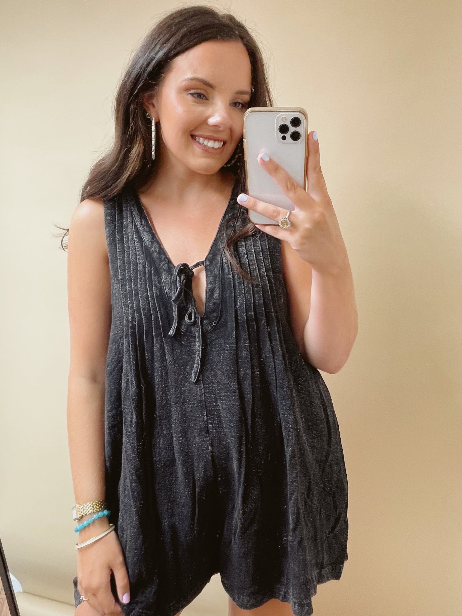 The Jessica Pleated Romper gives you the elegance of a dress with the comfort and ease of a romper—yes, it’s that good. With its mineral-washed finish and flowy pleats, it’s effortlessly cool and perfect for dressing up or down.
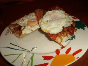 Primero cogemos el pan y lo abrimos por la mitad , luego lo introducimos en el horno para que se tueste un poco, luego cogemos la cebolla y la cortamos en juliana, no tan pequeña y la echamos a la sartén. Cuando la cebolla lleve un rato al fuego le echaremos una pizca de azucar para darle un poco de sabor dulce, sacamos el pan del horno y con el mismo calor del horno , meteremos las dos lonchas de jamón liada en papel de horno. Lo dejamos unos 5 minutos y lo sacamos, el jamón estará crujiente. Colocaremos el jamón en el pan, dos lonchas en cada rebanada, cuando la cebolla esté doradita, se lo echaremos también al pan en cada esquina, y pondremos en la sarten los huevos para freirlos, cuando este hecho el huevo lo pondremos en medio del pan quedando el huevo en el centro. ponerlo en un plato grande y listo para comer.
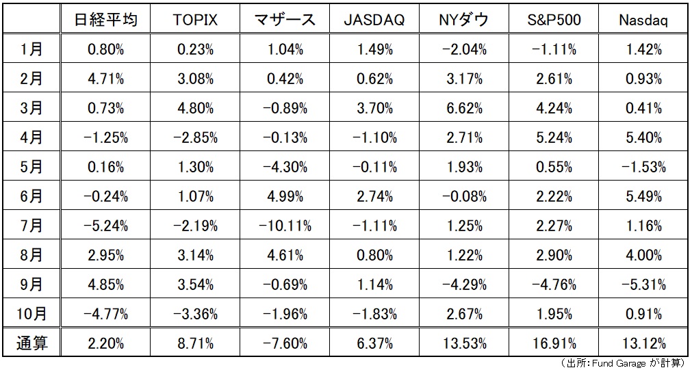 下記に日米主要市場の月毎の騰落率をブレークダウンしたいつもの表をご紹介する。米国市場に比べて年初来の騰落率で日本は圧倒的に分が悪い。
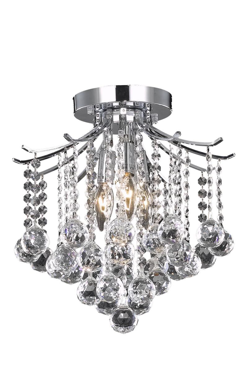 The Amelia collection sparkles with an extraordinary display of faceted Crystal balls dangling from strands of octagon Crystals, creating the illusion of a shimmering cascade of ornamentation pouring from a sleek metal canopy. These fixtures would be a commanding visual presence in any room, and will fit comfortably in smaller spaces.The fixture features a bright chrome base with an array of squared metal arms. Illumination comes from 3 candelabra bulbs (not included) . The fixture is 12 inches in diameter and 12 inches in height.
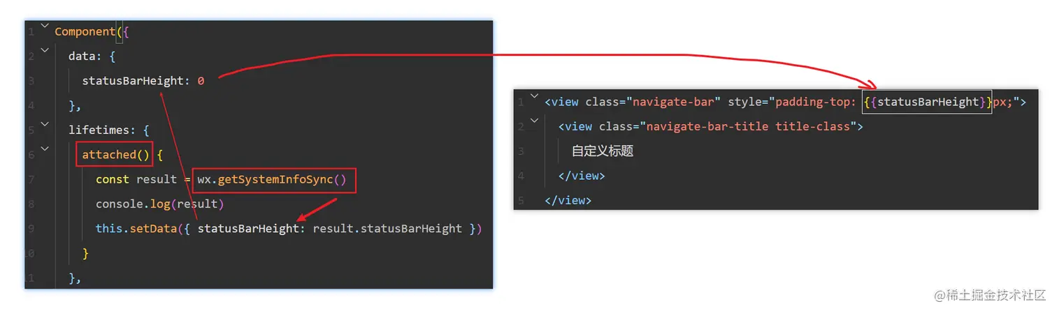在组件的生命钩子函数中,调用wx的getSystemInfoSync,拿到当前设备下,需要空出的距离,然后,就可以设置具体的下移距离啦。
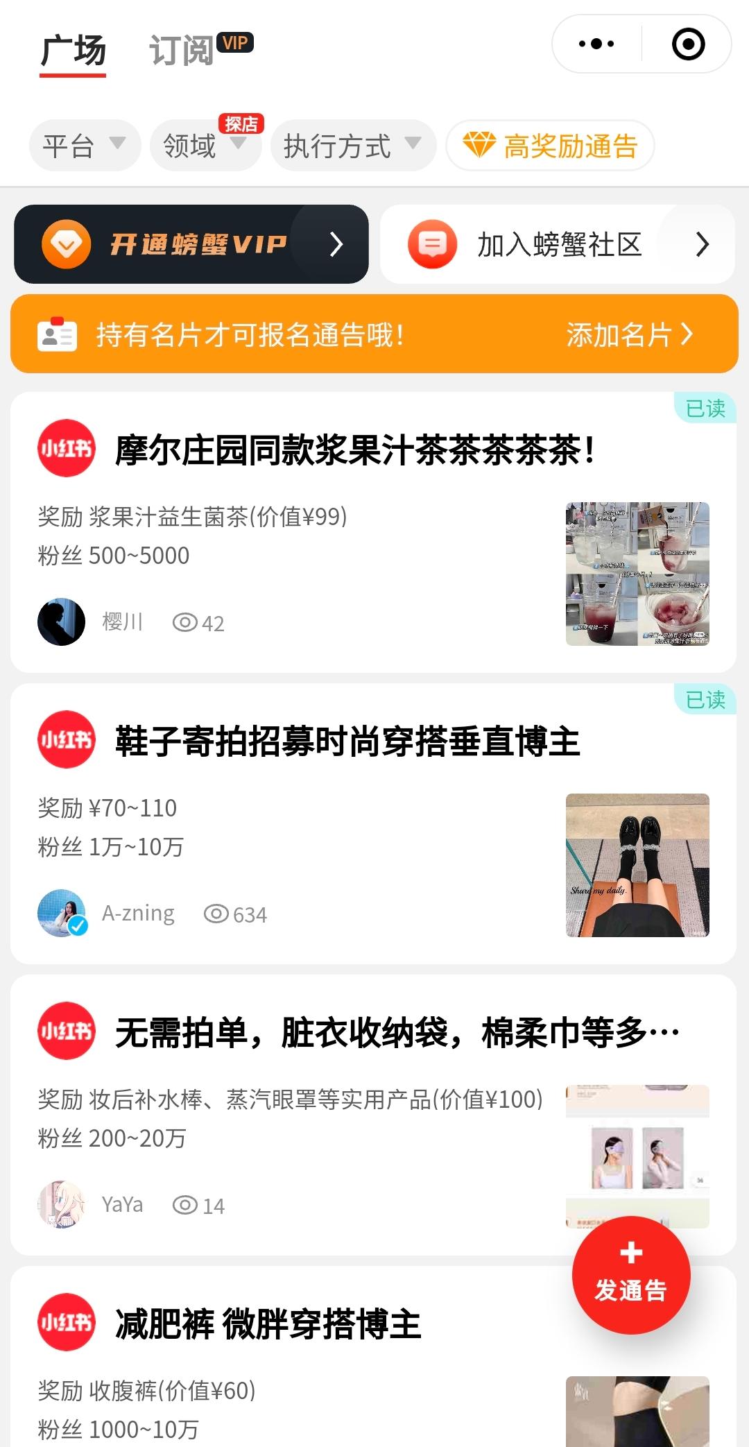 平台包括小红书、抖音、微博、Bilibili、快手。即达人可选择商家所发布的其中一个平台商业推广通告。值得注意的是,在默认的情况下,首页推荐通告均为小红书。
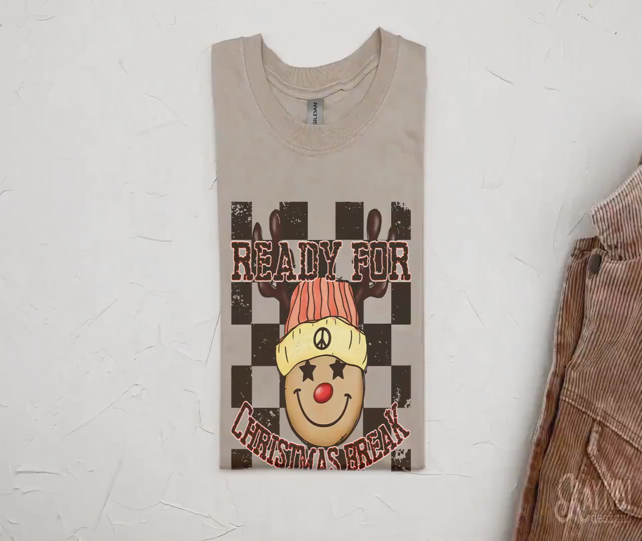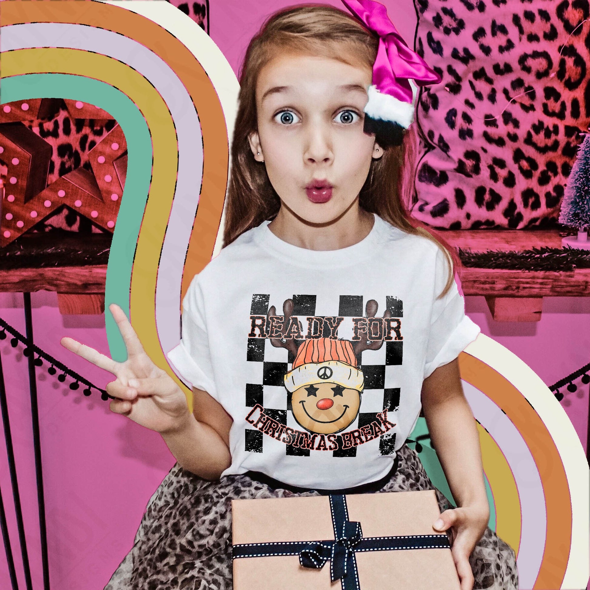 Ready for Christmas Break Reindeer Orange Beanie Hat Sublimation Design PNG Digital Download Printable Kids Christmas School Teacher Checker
◇ ◇ ◇
Try it: Print exactly the lines above that run from the one with "下記に日米主要市場の月毎の騰" to the one with "在组件的生命钩子函数中,调用", both included. No pictures.

Answer to this problem:
 下記に日米主要市場の月毎の騰落率をブレークダウンしたいつもの表をご紹介する。米国市場に比べて年初来の騰落率で日本は圧倒的に分が悪い。
 The Amelia collection sparkles with an extraordinary display of faceted Crystal balls dangling from strands of octagon Crystals, creating the illusion of a shimmering cascade of ornamentation pouring from a sleek metal canopy. These fixtures would be a commanding visual presence in any room, and will fit comfortably in smaller spaces.The fixture features a bright chrome base with an array of squared metal arms. Illumination comes from 3 candelabra bulbs (not included) . The fixture is 12 inches in diameter and 12 inches in height.
在组件的生命钩子函数中,调用wx的getSystemInfoSync,拿到当前设备下,需要空出的距离,然后,就可以设置具体的下移距离啦。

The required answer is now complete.